Dataset extract Block Start
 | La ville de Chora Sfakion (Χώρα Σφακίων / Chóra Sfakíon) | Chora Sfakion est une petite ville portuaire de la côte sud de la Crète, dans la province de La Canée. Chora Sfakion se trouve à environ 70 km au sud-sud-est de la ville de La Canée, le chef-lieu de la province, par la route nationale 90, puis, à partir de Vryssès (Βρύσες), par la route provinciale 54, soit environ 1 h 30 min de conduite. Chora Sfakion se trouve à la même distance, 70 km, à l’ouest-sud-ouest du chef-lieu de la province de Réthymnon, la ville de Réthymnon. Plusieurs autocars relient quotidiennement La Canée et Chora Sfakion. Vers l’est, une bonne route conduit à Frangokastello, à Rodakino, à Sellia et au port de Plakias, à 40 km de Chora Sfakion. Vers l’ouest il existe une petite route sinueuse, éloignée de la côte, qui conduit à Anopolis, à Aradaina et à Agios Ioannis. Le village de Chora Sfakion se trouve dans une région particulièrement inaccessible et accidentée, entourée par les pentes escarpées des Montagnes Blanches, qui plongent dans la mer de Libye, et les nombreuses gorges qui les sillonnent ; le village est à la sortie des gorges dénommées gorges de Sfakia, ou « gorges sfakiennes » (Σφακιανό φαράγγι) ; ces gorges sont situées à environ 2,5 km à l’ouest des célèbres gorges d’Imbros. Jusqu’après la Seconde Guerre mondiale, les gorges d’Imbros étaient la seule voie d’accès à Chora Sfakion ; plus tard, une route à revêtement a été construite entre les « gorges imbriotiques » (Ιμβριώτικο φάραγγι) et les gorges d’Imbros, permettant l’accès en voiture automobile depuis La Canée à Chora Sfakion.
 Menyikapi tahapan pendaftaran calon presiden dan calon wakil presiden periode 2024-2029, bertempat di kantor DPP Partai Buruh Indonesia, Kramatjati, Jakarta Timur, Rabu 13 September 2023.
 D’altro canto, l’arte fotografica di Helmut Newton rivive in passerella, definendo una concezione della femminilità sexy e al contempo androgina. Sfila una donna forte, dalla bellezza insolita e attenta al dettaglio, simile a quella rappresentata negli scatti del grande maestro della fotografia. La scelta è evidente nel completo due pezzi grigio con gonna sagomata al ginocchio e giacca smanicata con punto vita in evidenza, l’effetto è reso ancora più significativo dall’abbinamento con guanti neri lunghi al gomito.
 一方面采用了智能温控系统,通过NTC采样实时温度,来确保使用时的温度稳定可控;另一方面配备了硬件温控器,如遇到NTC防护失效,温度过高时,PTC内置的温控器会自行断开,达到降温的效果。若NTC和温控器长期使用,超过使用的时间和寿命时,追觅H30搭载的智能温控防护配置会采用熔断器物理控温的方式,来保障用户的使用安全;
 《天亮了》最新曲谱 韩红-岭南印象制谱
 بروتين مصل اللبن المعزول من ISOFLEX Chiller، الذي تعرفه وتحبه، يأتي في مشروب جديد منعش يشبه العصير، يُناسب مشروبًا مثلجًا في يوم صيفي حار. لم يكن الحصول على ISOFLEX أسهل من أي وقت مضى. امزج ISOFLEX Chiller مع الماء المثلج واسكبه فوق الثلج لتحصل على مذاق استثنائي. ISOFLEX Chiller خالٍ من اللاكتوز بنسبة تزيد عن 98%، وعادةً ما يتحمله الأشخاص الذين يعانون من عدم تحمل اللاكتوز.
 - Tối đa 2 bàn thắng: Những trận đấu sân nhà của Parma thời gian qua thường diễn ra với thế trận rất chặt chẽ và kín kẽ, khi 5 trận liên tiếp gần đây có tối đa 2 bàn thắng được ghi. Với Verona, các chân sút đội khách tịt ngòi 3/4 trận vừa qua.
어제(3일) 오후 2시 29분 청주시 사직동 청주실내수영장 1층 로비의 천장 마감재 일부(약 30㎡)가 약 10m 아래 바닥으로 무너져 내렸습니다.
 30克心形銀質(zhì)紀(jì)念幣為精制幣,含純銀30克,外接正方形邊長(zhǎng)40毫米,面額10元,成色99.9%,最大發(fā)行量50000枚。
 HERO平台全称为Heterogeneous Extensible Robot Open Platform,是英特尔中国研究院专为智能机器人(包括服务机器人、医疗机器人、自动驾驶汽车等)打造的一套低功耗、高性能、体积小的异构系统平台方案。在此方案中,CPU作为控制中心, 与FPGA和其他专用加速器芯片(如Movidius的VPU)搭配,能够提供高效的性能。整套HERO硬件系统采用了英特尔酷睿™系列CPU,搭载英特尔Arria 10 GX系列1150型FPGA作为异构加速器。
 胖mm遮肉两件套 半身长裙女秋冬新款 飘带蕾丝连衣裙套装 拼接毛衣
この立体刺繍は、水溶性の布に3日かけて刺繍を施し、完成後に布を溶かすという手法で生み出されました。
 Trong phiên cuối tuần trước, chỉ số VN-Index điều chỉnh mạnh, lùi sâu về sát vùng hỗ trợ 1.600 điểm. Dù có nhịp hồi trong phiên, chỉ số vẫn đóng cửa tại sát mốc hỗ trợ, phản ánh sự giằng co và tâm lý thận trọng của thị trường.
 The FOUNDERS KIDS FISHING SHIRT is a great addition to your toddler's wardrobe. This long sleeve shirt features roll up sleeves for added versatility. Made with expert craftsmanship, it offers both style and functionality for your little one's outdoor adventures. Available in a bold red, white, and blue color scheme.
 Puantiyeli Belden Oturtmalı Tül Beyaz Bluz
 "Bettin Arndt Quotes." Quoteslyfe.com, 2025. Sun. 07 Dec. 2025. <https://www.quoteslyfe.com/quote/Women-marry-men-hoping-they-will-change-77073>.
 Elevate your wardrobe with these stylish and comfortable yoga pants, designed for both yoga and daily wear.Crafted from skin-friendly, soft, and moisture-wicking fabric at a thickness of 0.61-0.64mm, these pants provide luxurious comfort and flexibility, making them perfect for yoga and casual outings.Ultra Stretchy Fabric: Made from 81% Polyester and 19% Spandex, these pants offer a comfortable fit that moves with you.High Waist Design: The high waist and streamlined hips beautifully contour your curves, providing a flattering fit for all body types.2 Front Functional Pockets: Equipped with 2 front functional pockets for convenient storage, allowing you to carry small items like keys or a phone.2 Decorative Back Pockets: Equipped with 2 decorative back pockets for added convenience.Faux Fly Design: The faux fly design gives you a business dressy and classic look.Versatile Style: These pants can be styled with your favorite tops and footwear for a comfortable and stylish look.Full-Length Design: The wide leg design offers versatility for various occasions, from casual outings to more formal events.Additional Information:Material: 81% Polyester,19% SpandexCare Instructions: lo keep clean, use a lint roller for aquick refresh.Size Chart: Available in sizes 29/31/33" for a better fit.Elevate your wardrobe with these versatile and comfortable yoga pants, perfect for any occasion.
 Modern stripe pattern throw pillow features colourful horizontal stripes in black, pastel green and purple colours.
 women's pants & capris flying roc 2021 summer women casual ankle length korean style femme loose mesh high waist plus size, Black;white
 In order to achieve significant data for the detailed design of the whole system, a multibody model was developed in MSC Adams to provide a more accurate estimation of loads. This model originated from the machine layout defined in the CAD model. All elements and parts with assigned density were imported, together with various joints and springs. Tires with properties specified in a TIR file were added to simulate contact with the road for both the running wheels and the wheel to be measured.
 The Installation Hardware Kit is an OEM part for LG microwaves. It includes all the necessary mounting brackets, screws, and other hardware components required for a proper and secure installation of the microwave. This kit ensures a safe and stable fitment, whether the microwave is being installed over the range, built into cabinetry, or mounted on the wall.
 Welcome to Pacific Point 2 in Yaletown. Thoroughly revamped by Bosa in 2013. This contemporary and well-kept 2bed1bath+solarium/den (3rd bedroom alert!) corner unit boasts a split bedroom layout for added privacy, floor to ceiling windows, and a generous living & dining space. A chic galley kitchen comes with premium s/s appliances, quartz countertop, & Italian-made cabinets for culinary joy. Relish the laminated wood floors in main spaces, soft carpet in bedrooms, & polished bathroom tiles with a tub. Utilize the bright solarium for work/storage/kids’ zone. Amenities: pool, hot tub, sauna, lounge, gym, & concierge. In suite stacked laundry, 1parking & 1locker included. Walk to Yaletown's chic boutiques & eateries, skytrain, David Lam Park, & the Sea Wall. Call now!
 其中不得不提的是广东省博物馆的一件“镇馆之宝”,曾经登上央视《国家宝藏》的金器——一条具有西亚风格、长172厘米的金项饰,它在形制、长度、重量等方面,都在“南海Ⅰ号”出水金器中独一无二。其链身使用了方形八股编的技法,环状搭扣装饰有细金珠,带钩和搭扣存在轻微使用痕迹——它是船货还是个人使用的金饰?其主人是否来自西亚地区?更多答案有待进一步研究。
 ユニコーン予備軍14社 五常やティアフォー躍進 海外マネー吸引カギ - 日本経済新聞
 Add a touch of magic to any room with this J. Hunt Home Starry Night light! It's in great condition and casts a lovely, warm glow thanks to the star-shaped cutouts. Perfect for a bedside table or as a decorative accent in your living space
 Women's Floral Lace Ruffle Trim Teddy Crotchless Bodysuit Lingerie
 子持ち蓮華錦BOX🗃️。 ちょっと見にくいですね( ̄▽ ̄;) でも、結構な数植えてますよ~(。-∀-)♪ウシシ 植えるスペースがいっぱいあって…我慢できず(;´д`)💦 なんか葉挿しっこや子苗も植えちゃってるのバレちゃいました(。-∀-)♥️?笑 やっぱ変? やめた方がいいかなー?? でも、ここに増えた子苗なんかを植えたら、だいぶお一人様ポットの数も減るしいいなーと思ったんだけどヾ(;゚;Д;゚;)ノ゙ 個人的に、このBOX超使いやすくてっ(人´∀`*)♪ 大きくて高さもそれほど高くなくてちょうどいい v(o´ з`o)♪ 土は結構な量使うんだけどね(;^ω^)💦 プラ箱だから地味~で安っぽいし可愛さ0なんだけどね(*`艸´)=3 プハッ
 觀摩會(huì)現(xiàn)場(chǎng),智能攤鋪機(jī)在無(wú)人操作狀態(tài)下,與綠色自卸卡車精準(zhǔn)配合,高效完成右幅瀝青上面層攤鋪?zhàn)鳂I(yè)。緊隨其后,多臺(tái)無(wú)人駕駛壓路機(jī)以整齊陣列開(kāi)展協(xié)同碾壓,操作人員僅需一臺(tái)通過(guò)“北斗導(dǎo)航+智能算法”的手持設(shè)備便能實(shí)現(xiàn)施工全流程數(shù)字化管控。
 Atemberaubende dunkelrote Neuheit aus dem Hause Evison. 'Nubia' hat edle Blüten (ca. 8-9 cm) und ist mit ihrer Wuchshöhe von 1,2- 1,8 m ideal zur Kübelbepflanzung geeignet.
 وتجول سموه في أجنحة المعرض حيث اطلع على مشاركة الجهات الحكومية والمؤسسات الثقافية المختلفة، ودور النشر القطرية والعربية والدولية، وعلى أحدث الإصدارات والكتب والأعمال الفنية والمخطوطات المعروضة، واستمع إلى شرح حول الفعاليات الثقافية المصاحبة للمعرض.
Dataset extract Block End
* _Exercise requirements_
Write out exactly the lines above between the line with "Add a touch" and the line with "Women's Floral Lace", inclusive, and nothing beyond them.

* _Answer area_
 Add a touch of magic to any room with this J. Hunt Home Starry Night light! It's in great condition and casts a lovely, warm glow thanks to the star-shaped cutouts. Perfect for a bedside table or as a decorative accent in your living space
 Women's Floral Lace Ruffle Trim Teddy Crotchless Bodysuit Lingerie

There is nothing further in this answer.